[Stored data]
Content starts

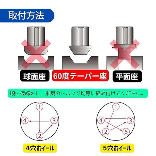 【盗難防止の外7角形】- ホイールナットは7角形なので、専用のロックナットアダプターがないと普通のトルクレンチでは締め付け取り外し不可能です。
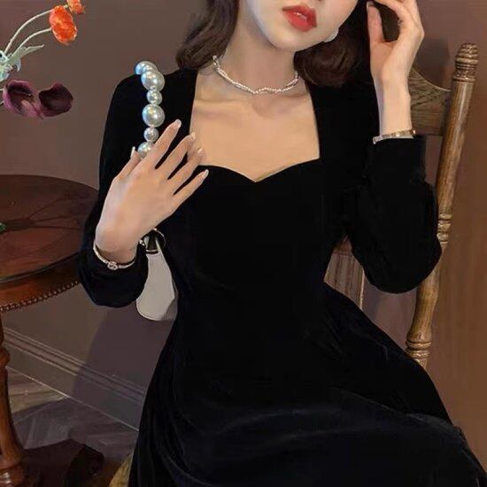 パーティードレス レディース Aラインワンピース ベルベット 長袖 ハートネック スクエアネック ハイウエスト ミモレ ロング エレガント 結婚式 演奏会 披露宴 謝恩会 二次会 ベロア おしゃれ
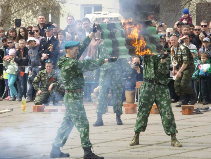 В программу показа вошел рукопашный бой, боевая сцена разведывательной группы, демонстрация владения холодным оружием и стрельбы из огнестрельного оружия. И инструктор парашютной десантной подготовки Сергей Белоусов поведал нам о своем роде деятельности.
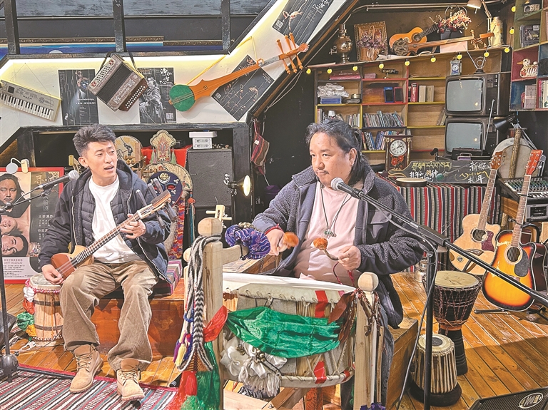 圖為旦增益西(左)使用新一代扎念琴進(jìn)行彈唱。記者 曉勇 羅宗 攝
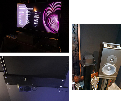 「ドルビーアトモス 7.1.4.サラウンドデモルーム」の設備(一部)。サウンドデモ後の質疑応答は、
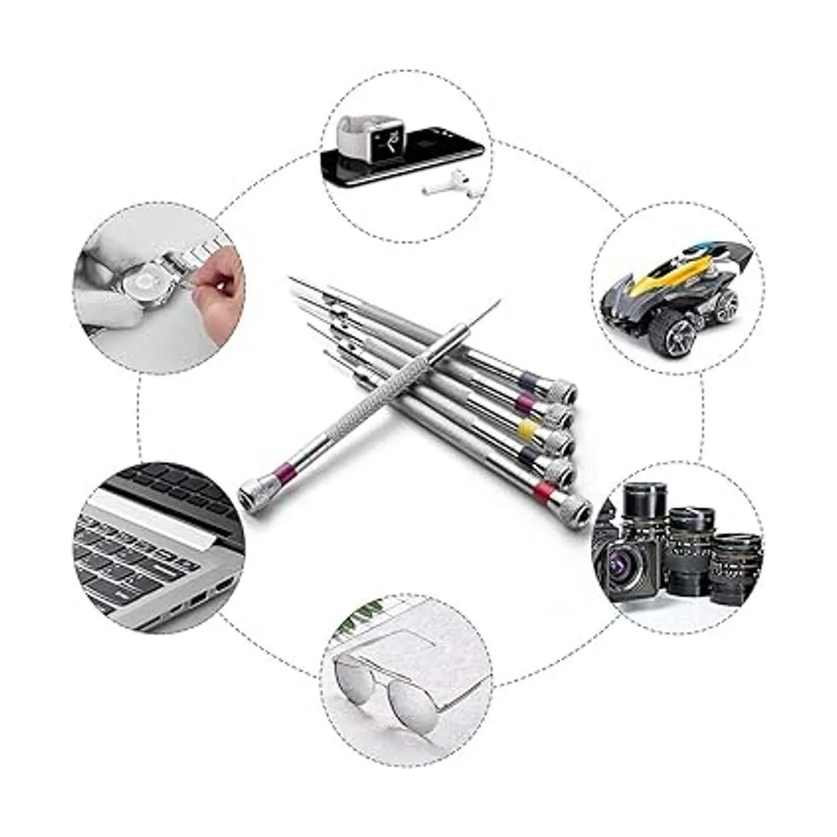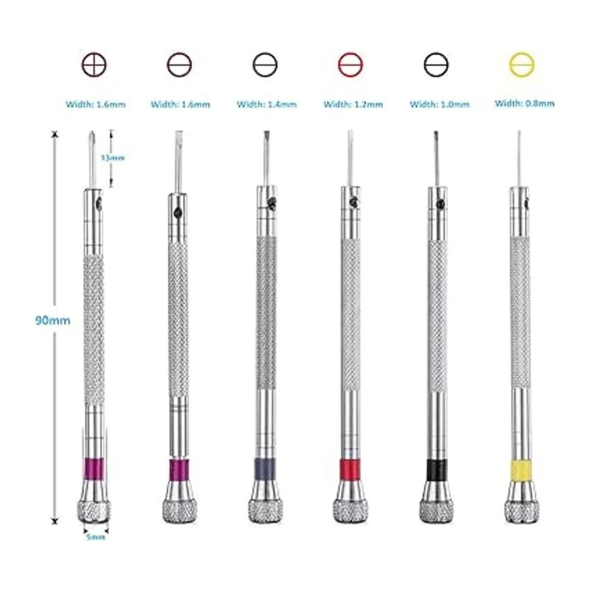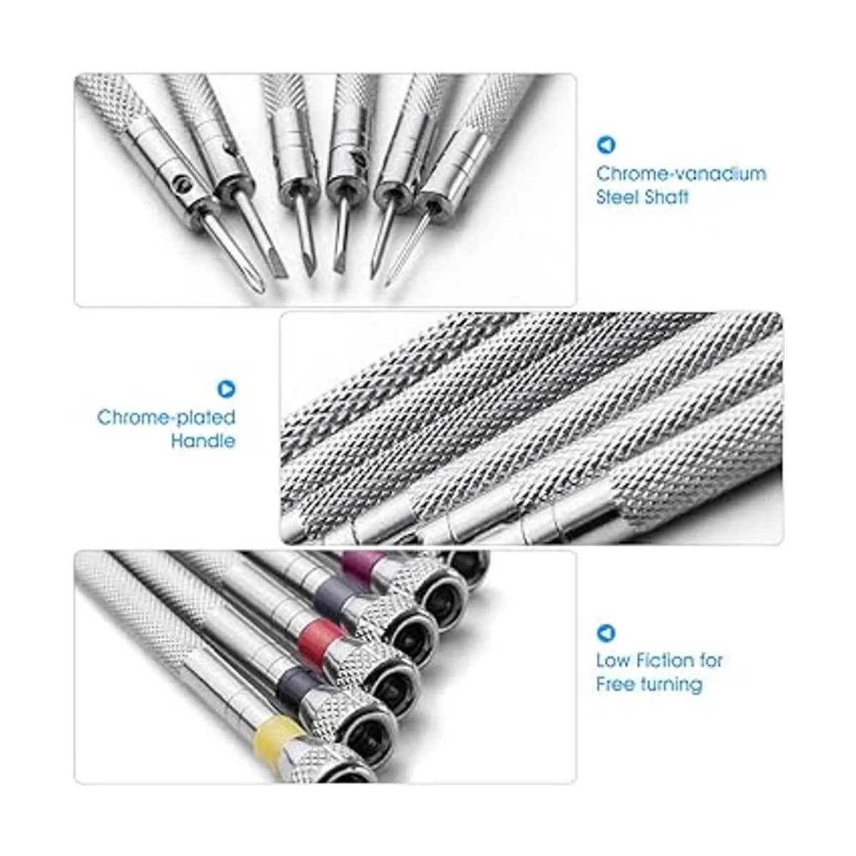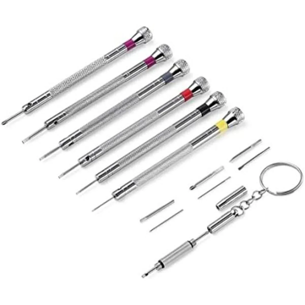 Multifuncional: juego de destornilladores de reparación perfecto para reparación de relojes, reemplazo de batería de reloj, quitar eslabones de tornillo de pulsera, reparación de gafas, trabajo de joyería y reparación de electrónica, etc.

Content ends

▶ _TO DO_: Restate the entries word for word, though any image they contain should not appear.

▶ _YOUR RESPONSE_:
 【盗難防止の外7角形】- ホイールナットは7角形なので、専用のロックナットアダプターがないと普通のトルクレンチでは締め付け取り外し不可能です。
 パーティードレス レディース Aラインワンピース ベルベット 長袖 ハートネック スクエアネック ハイウエスト ミモレ ロング エレガント 結婚式 演奏会 披露宴 謝恩会 二次会 ベロア おしゃれ
 В программу показа вошел рукопашный бой, боевая сцена разведывательной группы, демонстрация владения холодным оружием и стрельбы из огнестрельного оружия. И инструктор парашютной десантной подготовки Сергей Белоусов поведал нам о своем роде деятельности.
 圖為旦增益西(左)使用新一代扎念琴進(jìn)行彈唱。記者 曉勇 羅宗 攝
 「ドルビーアトモス 7.1.4.サラウンドデモルーム」の設備(一部)。サウンドデモ後の質疑応答は、
 Multifuncional: juego de destornilladores de reparación perfecto para reparación de relojes, reemplazo de batería de reloj, quitar eslabones de tornillo de pulsera, reparación de gafas, trabajo de joyería y reparación de electrónica, etc.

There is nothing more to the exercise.